Es preciso juzgar a la monarquía civilmente. Es preciso juzgar al rey
como ciudadano y juzgar es aplicar la ley. Pero la ley es una relación
de justicia -afirmaría un concluyente republicano- y ¿qué
relación de justicia existe entre la monarquía y el pueblo, entre
el rey y los ciudadanos? Dos hechos convierten a toda monarquía en un
delito y la española no es una excepción:
La monarquía española es heredera
de cuarenta años de franquismo. La línea dinástica anterior
a una república elegida por el pueblo fue encasquillada, tronchada y
remachada por un Caudillo que se saltó a la torera todos los principios
éticos y democráticos que un estadista debe a su pueblo. La monarquía
fue instaurada en un proceso de transición falto, por su propia naturaleza,
de la necesaria estabilidad, la mínima credibilidad y la debida calidad
democrática.
La monarquía española no se sustenta
en la voluntad popular. Nunca se ha celebrado un referéndum sobre la
forma política que debe adoptar el estado. La consulta popular estuvo
claramente marcada por la diatriba entre una constitución políticamente
equidistante o la nada política y la incertidumbre que causaba el miedo
al pasado. Creo que la memoria de una República nacida para y por el
ciudadano se merecía algo más.
Y la ley de sucesión convierte este delito
en una dolencia política crónica.

Tan sólo república es democracia, porque significa plena soberanía
popular, sin salvedades, excusas o restricciones; porque en un estado republicano
el pueblo está constituido por el conjunto de los ciudadanos, no por
una multitud de súbditos; porque sólo mediante la elección
de los candidatos se identifica el pueblo con sus gobernantes y ello constituye
el soporte de la armonía social y política del estado; porque
en una república no hay nada preestablecido o hereditario; porque en
una república todo gobernante está sujeto a la fiscalización
del pueblo, sin excepciones penales; porque el estado republicano garantiza
que el ciudadano sea a un mismo tiempo y en pie de igualdad sujeto y objeto
de idéntica acción política; porque en una república
la acción humana es universal y forma parte de la identidad entre persona
y ciudadano y, por ende, no hay lugar para títulos suprahumanos; porque
el símbolo de la república es la libertad y la ciudadanía
misma, no una persona alzada sobre las demás en virtud de un derecho
heredado; y porque el gobierno republicano no engendra escabeles ni mancebías
para corrillos y predilectos sino escaños iguales para actividades políticas
más elevadas.

En ocasiones es refrescante revisar viejos textos políticos. La historia
ha sido testigo de más de un real puntapié. Uno de ellos, no exento
de cierto salero simpático, lo protagonizó el general Prim, héroe
de Tetuán, un hombre al que no le sobraban las palabras. Aquel militar
irrumpió no hace tanto en el Congreso de Madrid gritando aquello de “¡Borbones,
jamás, jamás, jamás!”. Sus razones tendría.

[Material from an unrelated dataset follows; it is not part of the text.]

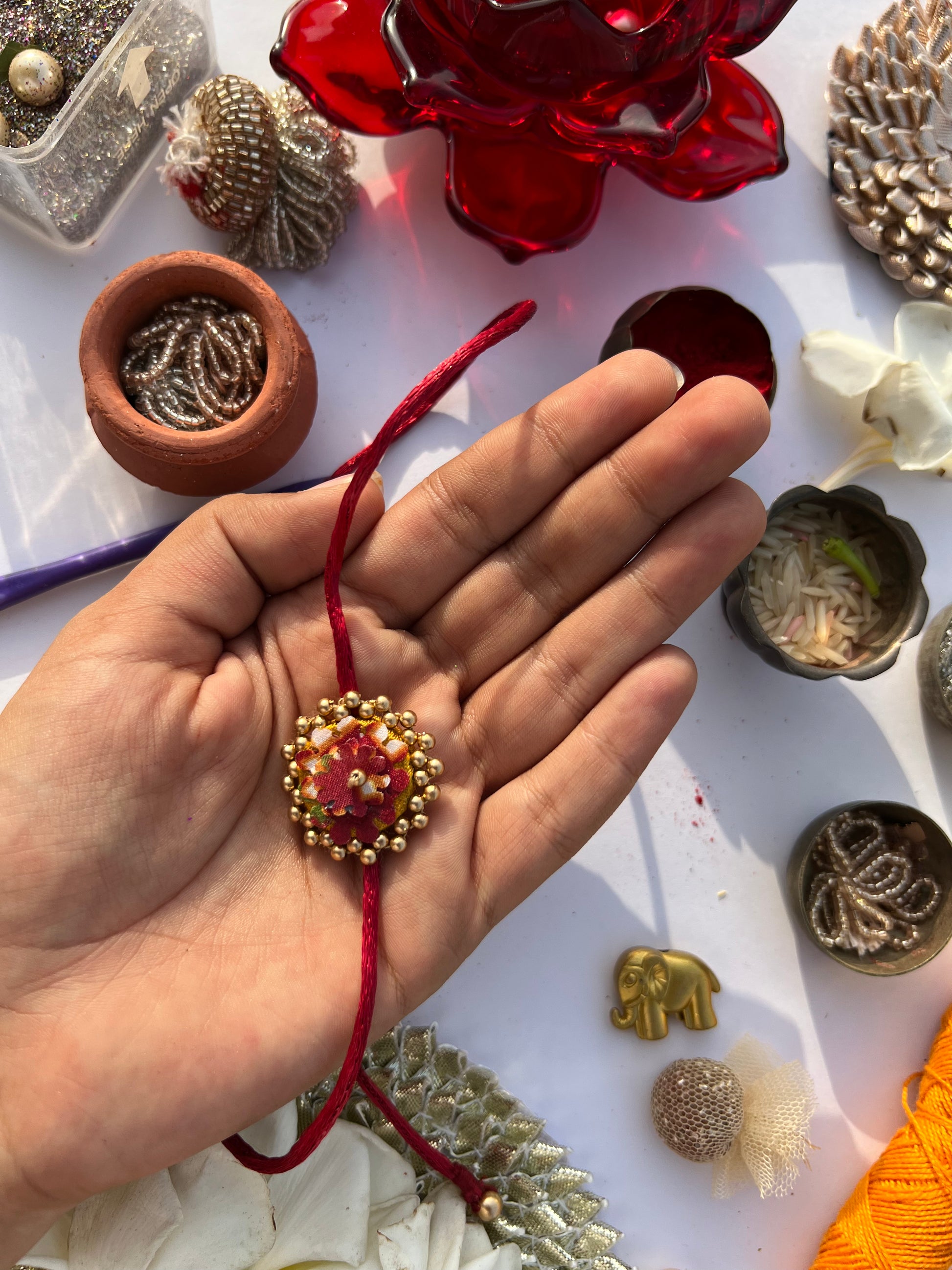 All IBHI products are meticulously handmade, involving various stages of different craftsmanship. Our creations are a blend of layers of high-quality fabric, Medium Density Fibre (MDF) for structure, and intricate beads and embellishments. The beads are meticulously connected using rolls of threads and hand stitches, adding to the uniqueness and charm of our products.

De forma acaso más correcta y sin duda más política, el
21 de septiembre de 1792 la representación popular suprimió la
monarquía francesa mediante un decreto tan simple como contundente: la
Convención Nacional decreta por unanimidad que la monarquía ha
sido abolida. Es fácil, tan sólo es preciso espíritu democrático,
voluntad política y madurez parlamentaria.